§ **What to produce**
In this exercise, copy exactly the lines from the one that contains "但目前来看,无论在营销还是产" through the end of the entries below; pictures are not copied.

Source records:

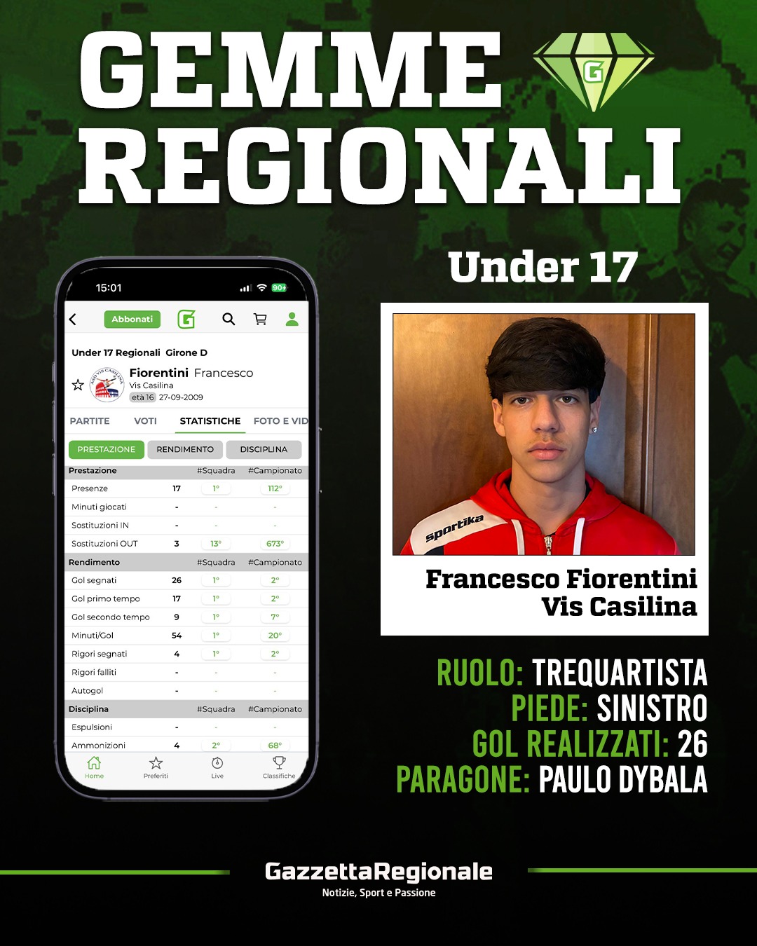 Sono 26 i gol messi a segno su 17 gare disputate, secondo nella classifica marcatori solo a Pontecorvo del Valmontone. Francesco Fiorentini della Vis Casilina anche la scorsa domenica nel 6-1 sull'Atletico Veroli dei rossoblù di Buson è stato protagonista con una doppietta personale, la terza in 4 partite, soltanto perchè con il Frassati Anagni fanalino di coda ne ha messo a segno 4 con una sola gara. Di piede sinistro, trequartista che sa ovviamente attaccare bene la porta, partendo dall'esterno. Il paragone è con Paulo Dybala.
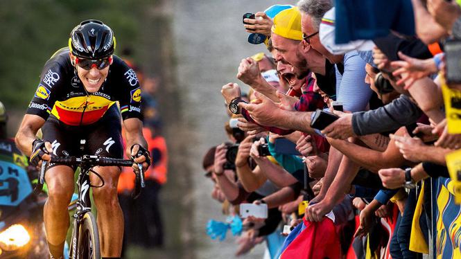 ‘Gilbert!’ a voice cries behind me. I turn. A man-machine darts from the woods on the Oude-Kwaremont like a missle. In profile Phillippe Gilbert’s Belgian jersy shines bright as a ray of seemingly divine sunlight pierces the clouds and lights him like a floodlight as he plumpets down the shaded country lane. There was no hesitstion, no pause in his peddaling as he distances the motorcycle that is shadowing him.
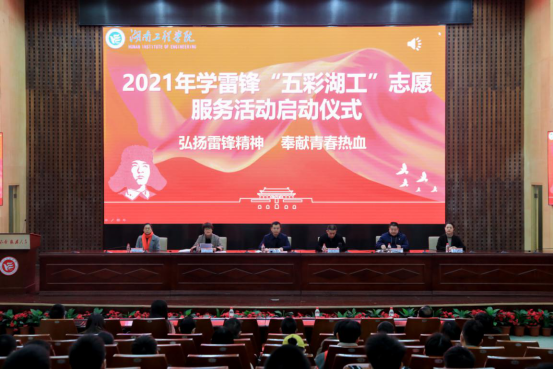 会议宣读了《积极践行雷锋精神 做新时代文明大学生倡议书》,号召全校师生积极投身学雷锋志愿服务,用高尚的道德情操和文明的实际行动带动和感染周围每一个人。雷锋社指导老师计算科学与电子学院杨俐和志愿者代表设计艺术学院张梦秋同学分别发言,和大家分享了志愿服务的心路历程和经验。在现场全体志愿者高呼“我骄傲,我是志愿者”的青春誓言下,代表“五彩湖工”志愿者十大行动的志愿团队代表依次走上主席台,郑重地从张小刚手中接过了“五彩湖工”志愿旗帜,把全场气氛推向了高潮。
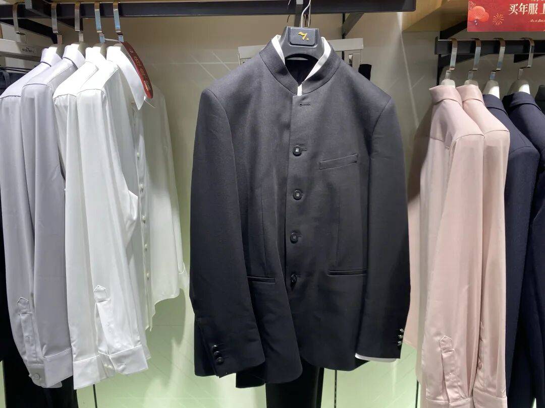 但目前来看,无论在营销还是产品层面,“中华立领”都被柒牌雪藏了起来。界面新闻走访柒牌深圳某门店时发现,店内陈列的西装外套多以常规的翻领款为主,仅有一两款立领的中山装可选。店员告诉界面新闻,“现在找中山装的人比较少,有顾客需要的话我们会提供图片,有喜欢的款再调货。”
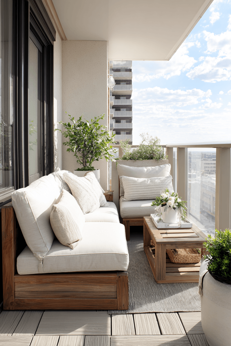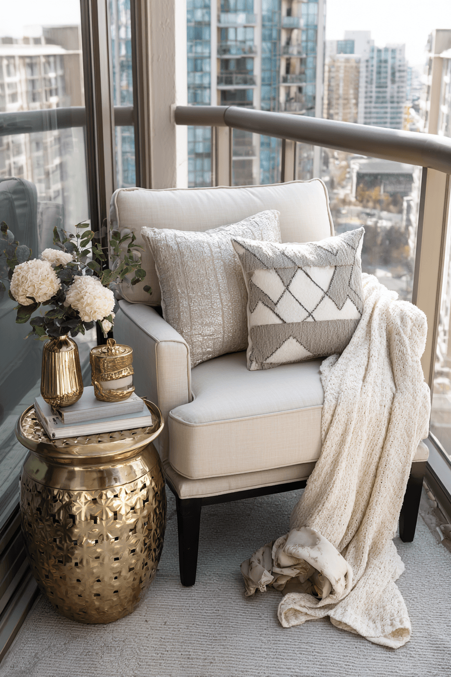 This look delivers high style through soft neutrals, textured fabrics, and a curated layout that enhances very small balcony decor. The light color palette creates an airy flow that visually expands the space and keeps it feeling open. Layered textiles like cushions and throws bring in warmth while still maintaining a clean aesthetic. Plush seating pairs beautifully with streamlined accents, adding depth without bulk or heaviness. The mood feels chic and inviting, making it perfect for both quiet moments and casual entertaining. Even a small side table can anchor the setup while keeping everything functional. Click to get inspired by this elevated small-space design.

§ **Written solution**
 但目前来看,无论在营销还是产品层面,“中华立领”都被柒牌雪藏了起来。界面新闻走访柒牌深圳某门店时发现,店内陈列的西装外套多以常规的翻领款为主,仅有一两款立领的中山装可选。店员告诉界面新闻,“现在找中山装的人比较少,有顾客需要的话我们会提供图片,有喜欢的款再调货。”
 This look delivers high style through soft neutrals, textured fabrics, and a curated layout that enhances very small balcony decor. The light color palette creates an airy flow that visually expands the space and keeps it feeling open. Layered textiles like cushions and throws bring in warmth while still maintaining a clean aesthetic. Plush seating pairs beautifully with streamlined accents, adding depth without bulk or heaviness. The mood feels chic and inviting, making it perfect for both quiet moments and casual entertaining. Even a small side table can anchor the setup while keeping everything functional. Click to get inspired by this elevated small-space design.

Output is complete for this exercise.